→ **INFORMATION SUPPLIED**
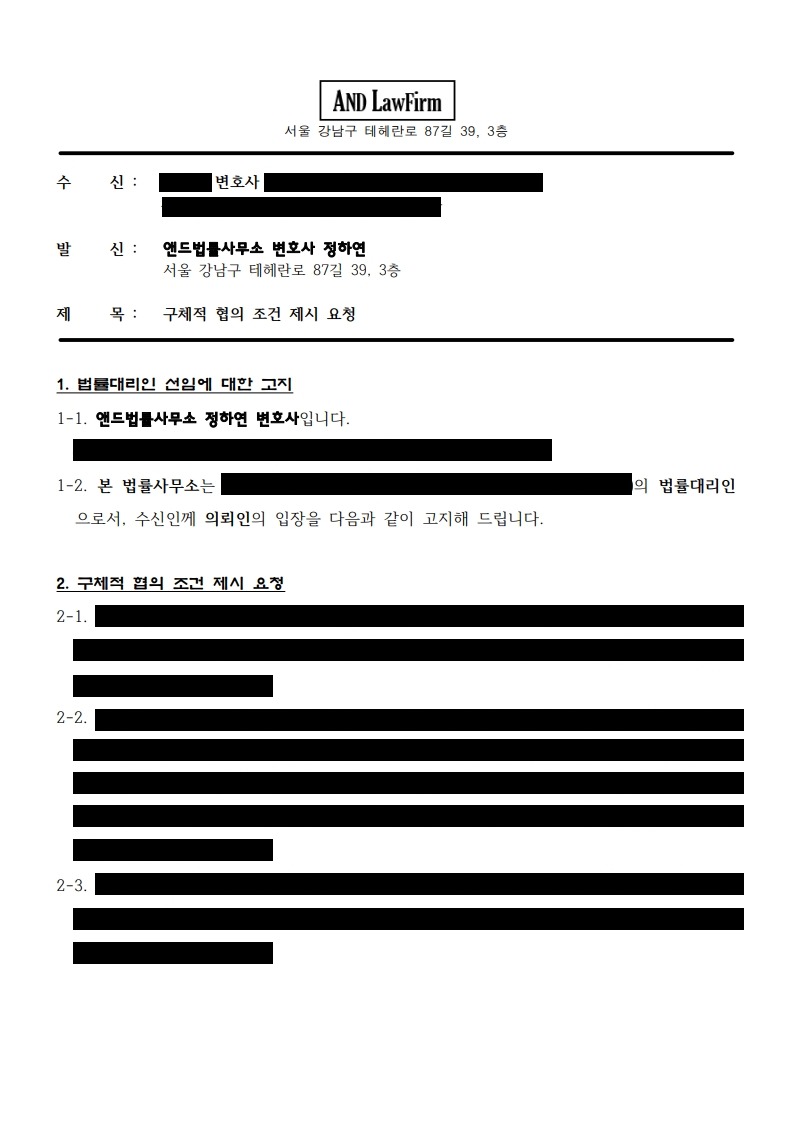 - 제시된 협의 조건에 대한 입장 및 의뢰인의 최종 협의 조건 전달
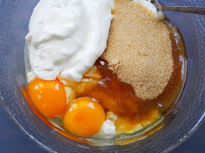 Хорошенько растереть в большой миске творог, сметану, сахар и яйца (можно даже слегка взбить блендером или венчиком). Сахара не жалейте, особенно, если вы используете кислую ягоду.
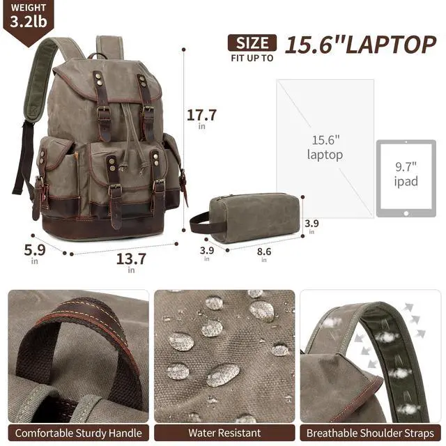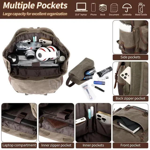 Toiletry Bag: The large canvas backpack can accommodate folders, A4 files, laptops, iPads, books, cameras, shaving kits, clothing, and other essentials. Additionally, it includes a complimentary toiletry bag, helping you organize and optimize your space while traveling.
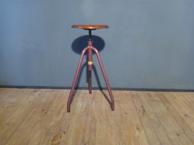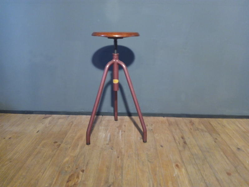 Banco de Arquitecto com fuso em rosca "sobe e desce". Estrutura tubular metálica e tampo original em madeira maciça. Estado impecável. Patina original.
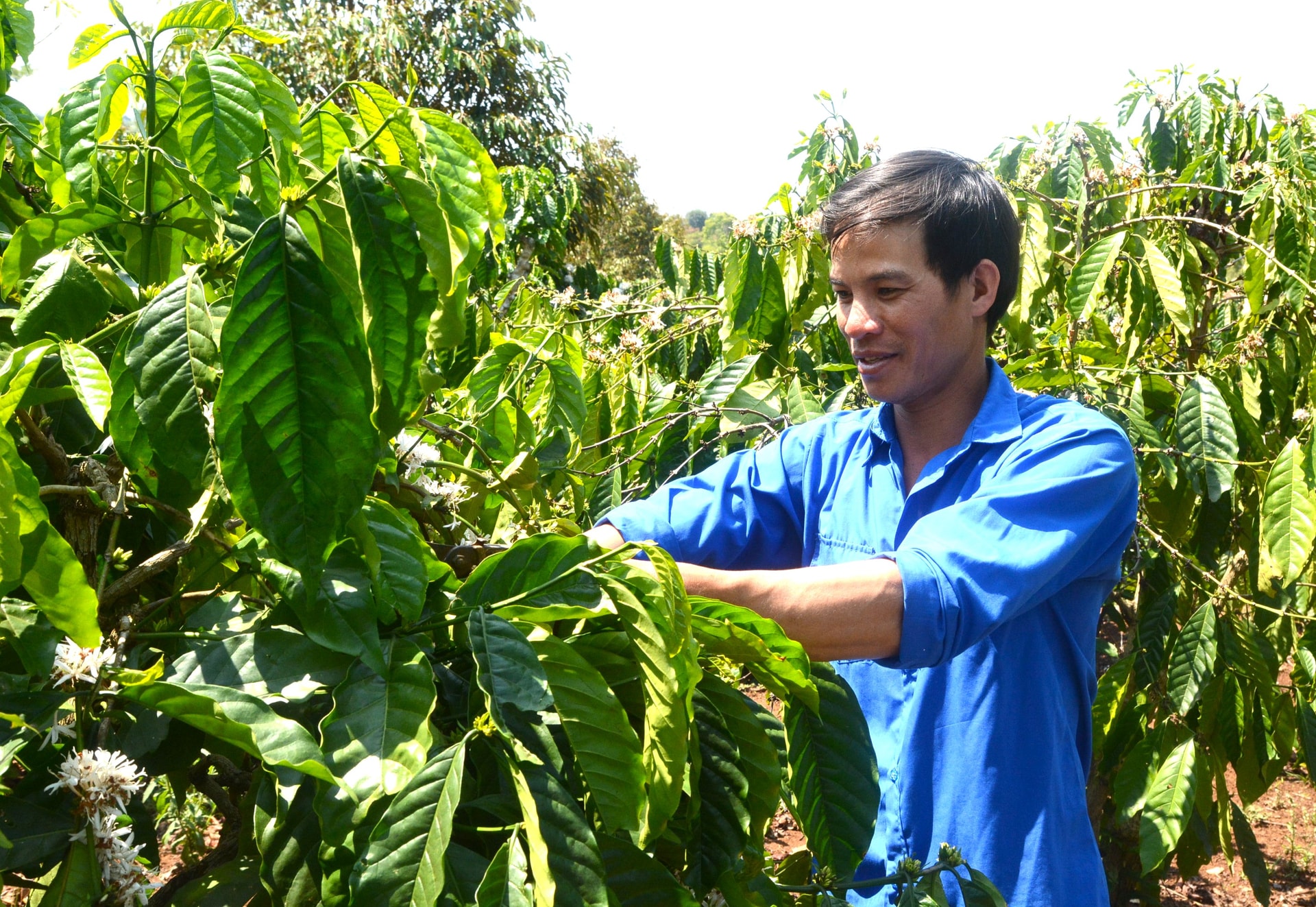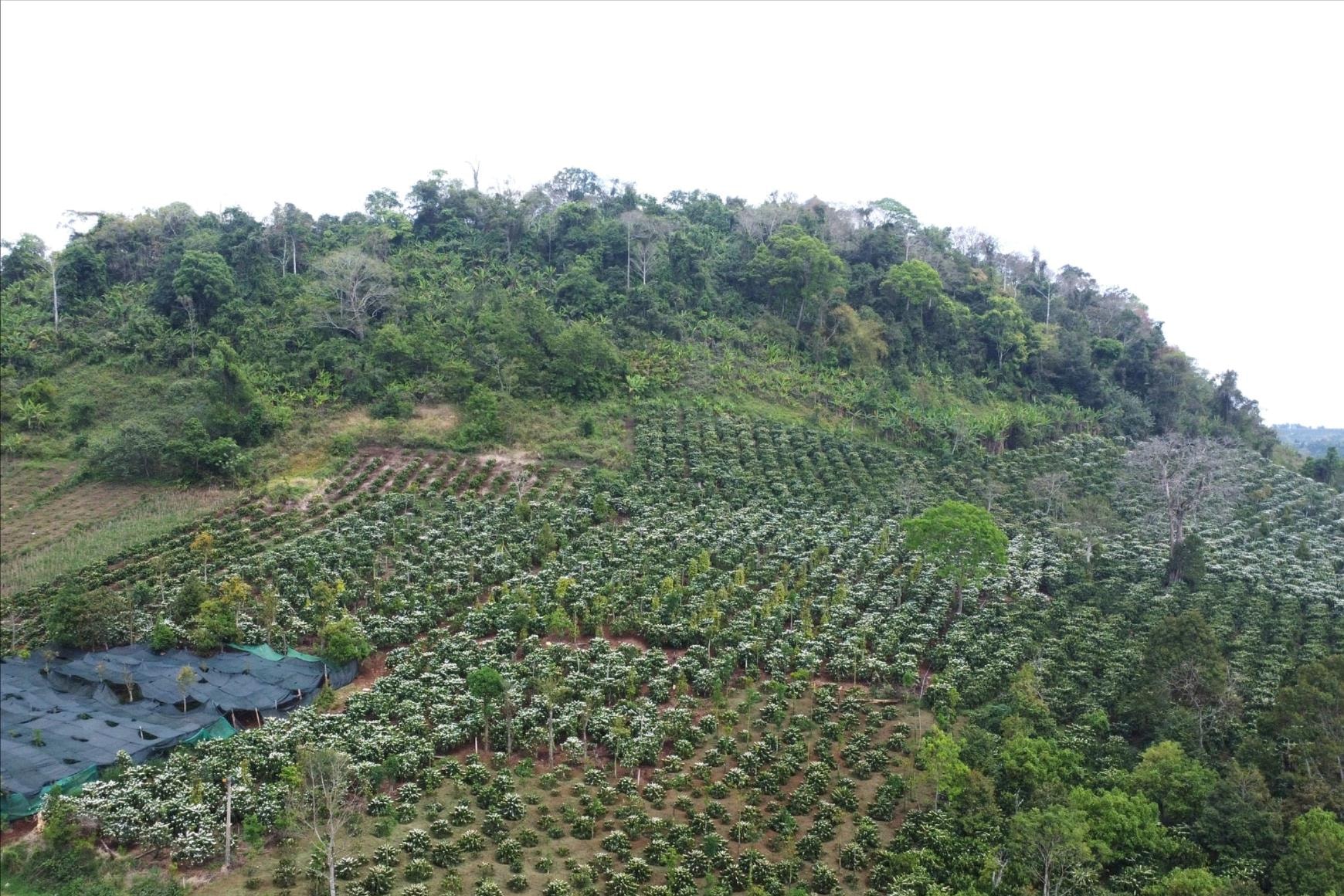 Nhiều diện tích cà phê sau khi được tưới đủ nước đã nở bông
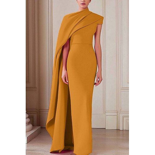 Abito Cape Giallo Sirena Tromba Abito da Sera con Cape Staccabile Elegante Abito Formale Semi Formale Matrimonio Lunghezza Piena Senza Maniche Scollo Alto Crepe Elasticizzato
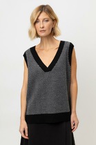 Жилет с центральной застежкой на петли и пуговицы, с втачным воротником с отрезной стойкой, с V-образным вырезом горловины. По переду с рельефами, выходящими из плеча до низа. Низ жилета фигурный. По рельефам переда- разрезы. Спинка со средним швом, рельефами, выходящими из плеча до низа.
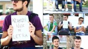 Einige junge Leute in Kosova zeigen des Slogan „Suche Braut...
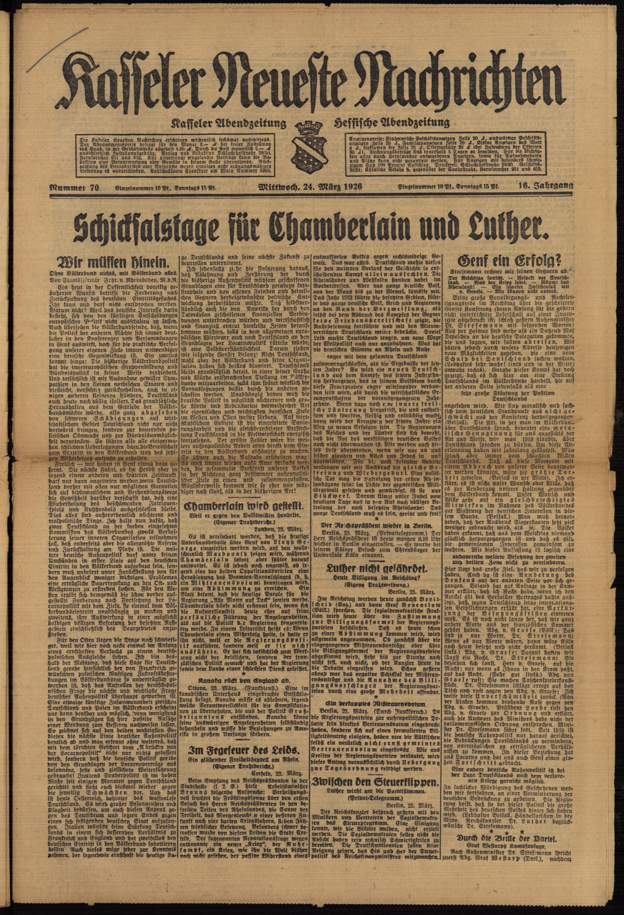 Casseler neueste Nachrichten. 1914-1918
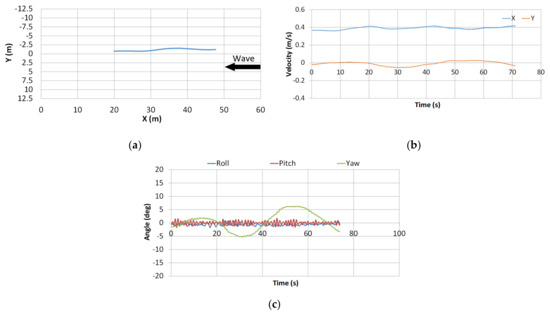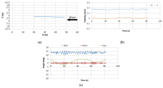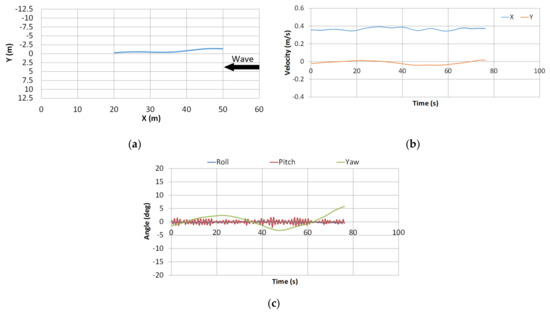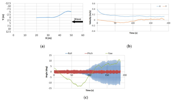 Experimental result in damaged condition in regular waves: (a) ship trajectory; (b) ship velocity in X and Y directions; (c) time history of roll, pitch, and yaw.
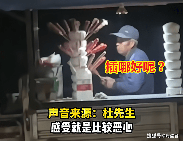 在小杜拍摄的画面中可以看到,大爷一边转着糖葫芦,一边朝糖葫芦喷水。大爷撅着嘴,有很明显的白色液体从大爷嘴里喷出。
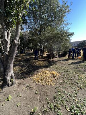 12月21日、今日は3年次の実習で校内の落ち葉掃きをしました!
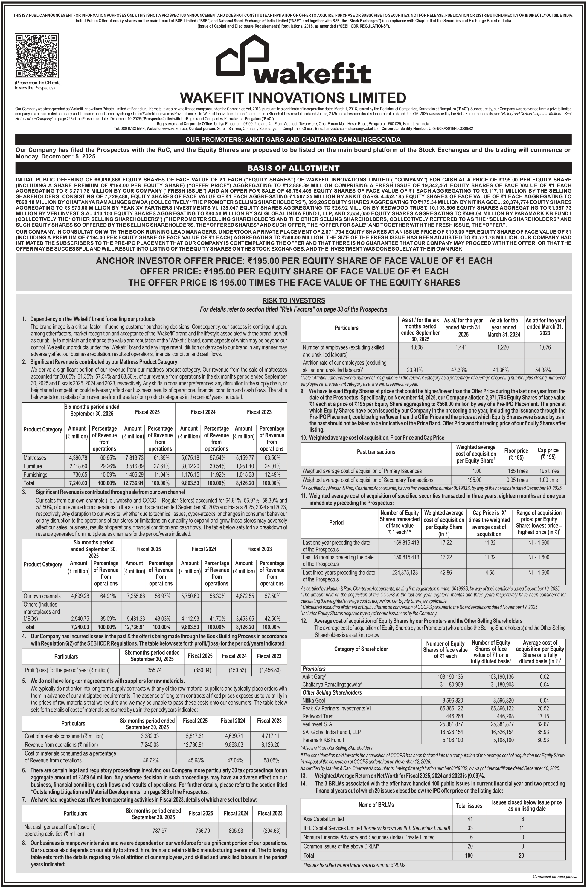 Exposure to Legal and Regulatory Proceedings: The company, along with its Directors, Promoters, and Senior Management, is involved in certain legal and regulatory matters. Any adverse judgment in these cases could harm Wakefit’s reputation, business continuity, financial condition, and cash flows.
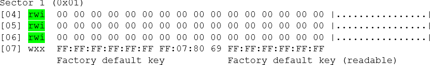 - Beschikbare sectoren zijn in het rapport herkenbaar aan drie blokken met [rwi]: read/write/increment – het vierde blok is bestemd voor de encryptie.
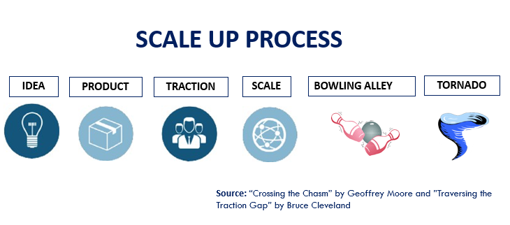 You have move from an idea to successfully ”traversing the traction gap” and “crossing the chasm” to scale up through the “bowling alley” and into the “tornado” of hyper-growth.
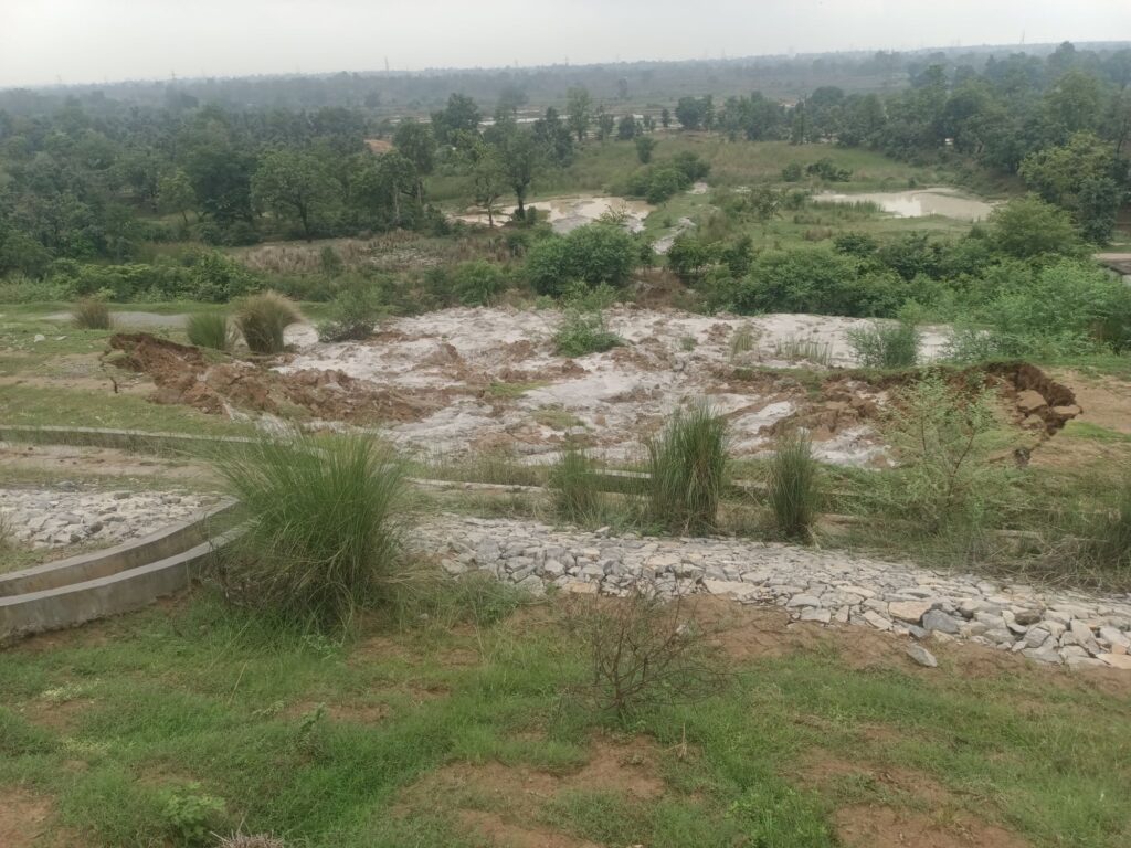सीएसईबी पावर प्लांट के रखड़ बांध का तटबंध तोड़कर बड़ी मात्रा में रख बाहर निकली और नीचे बस्ती में जा घुसी। ग्रामीण दहशत में आ गए। भगदड़ मच गई प्रशासनिक अधिकारी और विद्युत उत्पादन कंपनी के अधिकारी मौके पर पहुंचे और लोगों को राहत देने के लिए ढांढस बंधाया

→ **YOUR GOAL**
Write every record out again exactly, omitting the pictures they hold.

→ **SOLUTION**
 - 제시된 협의 조건에 대한 입장 및 의뢰인의 최종 협의 조건 전달
 Хорошенько растереть в большой миске творог, сметану, сахар и яйца (можно даже слегка взбить блендером или венчиком). Сахара не жалейте, особенно, если вы используете кислую ягоду.
 Toiletry Bag: The large canvas backpack can accommodate folders, A4 files, laptops, iPads, books, cameras, shaving kits, clothing, and other essentials. Additionally, it includes a complimentary toiletry bag, helping you organize and optimize your space while traveling.
 Banco de Arquitecto com fuso em rosca "sobe e desce". Estrutura tubular metálica e tampo original em madeira maciça. Estado impecável. Patina original.
 Nhiều diện tích cà phê sau khi được tưới đủ nước đã nở bông
 Abito Cape Giallo Sirena Tromba Abito da Sera con Cape Staccabile Elegante Abito Formale Semi Formale Matrimonio Lunghezza Piena Senza Maniche Scollo Alto Crepe Elasticizzato
 Жилет с центральной застежкой на петли и пуговицы, с втачным воротником с отрезной стойкой, с V-образным вырезом горловины. По переду с рельефами, выходящими из плеча до низа. Низ жилета фигурный. По рельефам переда- разрезы. Спинка со средним швом, рельефами, выходящими из плеча до низа.
 Einige junge Leute in Kosova zeigen des Slogan „Suche Braut...
 Casseler neueste Nachrichten. 1914-1918
 Experimental result in damaged condition in regular waves: (a) ship trajectory; (b) ship velocity in X and Y directions; (c) time history of roll, pitch, and yaw.
 在小杜拍摄的画面中可以看到,大爷一边转着糖葫芦,一边朝糖葫芦喷水。大爷撅着嘴,有很明显的白色液体从大爷嘴里喷出。
 12月21日、今日は3年次の実習で校内の落ち葉掃きをしました!
 Exposure to Legal and Regulatory Proceedings: The company, along with its Directors, Promoters, and Senior Management, is involved in certain legal and regulatory matters. Any adverse judgment in these cases could harm Wakefit’s reputation, business continuity, financial condition, and cash flows.
 - Beschikbare sectoren zijn in het rapport herkenbaar aan drie blokken met [rwi]: read/write/increment – het vierde blok is bestemd voor de encryptie.
 You have move from an idea to successfully ”traversing the traction gap” and “crossing the chasm” to scale up through the “bowling alley” and into the “tornado” of hyper-growth.
सीएसईबी पावर प्लांट के रखड़ बांध का तटबंध तोड़कर बड़ी मात्रा में रख बाहर निकली और नीचे बस्ती में जा घुसी। ग्रामीण दहशत में आ गए। भगदड़ मच गई प्रशासनिक अधिकारी और विद्युत उत्पादन कंपनी के अधिकारी मौके पर पहुंचे और लोगों को राहत देने के लिए ढांढस बंधाया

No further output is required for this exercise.